Outre le fait que, du coup, les demandes de paiement de charges relatives à la consommation d’eau sont sérieusement remises en cause en absence d’une preuve formelle de la réalité de celles-ci, il convient de constater que le logement donné à bail ne respecte pas les critères de décence, qui sont d’ordre public en application de l’article 2 de la loi du 6 juillet 1989, qui prévoient que chaque logement donné à bail d’habitation doit être pourvu de compteurs d’énergie indépendants et accessibles pour le locataire.
Pour ces motifs, et en l’absence de tout moyen de défense de la bailleresse, le congé délivré le 23 janvier 2025 sera déclaré nul pour absence d’un motif légitime et sérieux.
Sur la demande au titre du préjudice moral :
Madame [B] sollicite la condamnation de la SCI MPP IMMO à lui payer la somme de 3.000,00 € en réparation de son préjudice moral en raison du caractère abusif du congé délivré. Elle soutient vivre dans la crainte de devoir quitter un logement dans lequel elle s’est investi sans solution de relogement et alors qu’elle a toujours srupuleusement honoré le règlement de son loyer.
Ainsi que cela a déjà été observé précédemment, l’enjeu de cette audience était important pour la bailleresse puisqu’elle pouvait faire valoir la résiliation du contrat de bail et demander l’expulsion de sa locataire.
Son absence non justifiée à l’audience laisse présumer qu’elle était parfaitement informée du caractère infondée de son congé. Pour autant, elle n’a pas pris le soin de se désister de celui-ci laissant sa locataire poursuivre la procédure, laissant cette dernière dans l’incertitude sur son maintien dans les lieux loués.
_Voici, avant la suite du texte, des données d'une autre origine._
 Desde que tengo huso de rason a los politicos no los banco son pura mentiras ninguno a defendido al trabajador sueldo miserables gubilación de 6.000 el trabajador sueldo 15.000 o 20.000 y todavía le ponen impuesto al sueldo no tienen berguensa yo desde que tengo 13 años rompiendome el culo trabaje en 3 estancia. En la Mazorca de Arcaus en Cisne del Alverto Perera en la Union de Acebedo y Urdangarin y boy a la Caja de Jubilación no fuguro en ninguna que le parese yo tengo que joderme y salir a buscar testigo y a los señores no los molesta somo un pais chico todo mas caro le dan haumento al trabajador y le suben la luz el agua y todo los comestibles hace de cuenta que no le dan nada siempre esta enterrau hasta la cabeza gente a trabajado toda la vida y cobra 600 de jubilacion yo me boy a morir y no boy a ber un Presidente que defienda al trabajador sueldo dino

Il sera donc fait droit à la demande de dommages et intérêts en réparation de son préjudice moral à hauteur de la somme de 1.200,00 €.
Sur les autres demandes :
Sur l’article 700 du CPC et les dépens :
Aux termes des articles 696 et 700 du code de procédure civile la partie perdante est condamnée aux dépens et à payer à l’autre partie une somme au titre des frais exposés et non compris dans les dépens. Le juge tient compte de l’équité ou de la situation économique de la partie condamnée, il peut, même d’office dispenser la partie perdante de tout paiement.
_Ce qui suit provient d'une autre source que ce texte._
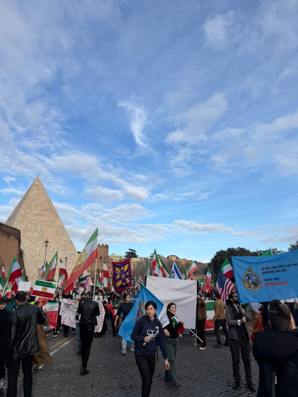 In piazza erano presenti le bandiere dei popoli che lottano contro regimi oppressivi e minacce terroristiche: dalla bandiera imperiale iraniana a quelle dello Stato di Israele, degli Stati Uniti e del Venezuela. Numerosi gli slogan scanditi dai manifestanti, tra cui “Javid Shah”, con cui il popolo iraniano, in patria e all’estero, chiede il ritorno del Principe Reza Pahlavi per guidare il Paese verso un futuro di libertà e democrazia.

En l’espèce, la SCI MPP IMMO sera condamnée à l’ensemble des dépens.
Aucun motif d’équité commande d’écarter les dispositions de l’article 700 du code de procédure civile et la SCI MPP IMMO sera donc condamnée à ce titre à payer la somme de 1.200,00 €.
PAR CES MOTIFS :
Le Tribunal, statuant publiquement, par mise à disposition au Greffe, par jugement réputé contradictoire et en premier ressort,
Vu les articles 9 du code de procédure civile et 1352 du code civil,
Vu la loi du 6 juillet 1989 dans sa version applicable à la signature du contrat de bail,
CONSTATE que le congé délivré par la SCI MPP IMMO le 23 janvier 2025 était dépourvu d’un motif légitime et sérieux ;
En conséquence,
PRONONCE la nullité dudit congé ;
CONDAMNE la SCI MPP IMMO à payer à Madame [M] [B] la somme de 1.200,00 € à titre de dommages et intérêts en réparation de son préjudice moral ;
REJETTE toute autre demande ;
CONDAMNE la SCI MPP IMMO aux entiers dépens ;
CONDAMNE la SCI MPP IMMO à payer à Madame [M] [B] la somme de 1.200,00 € en application de l’article 700 du code de procédure civile.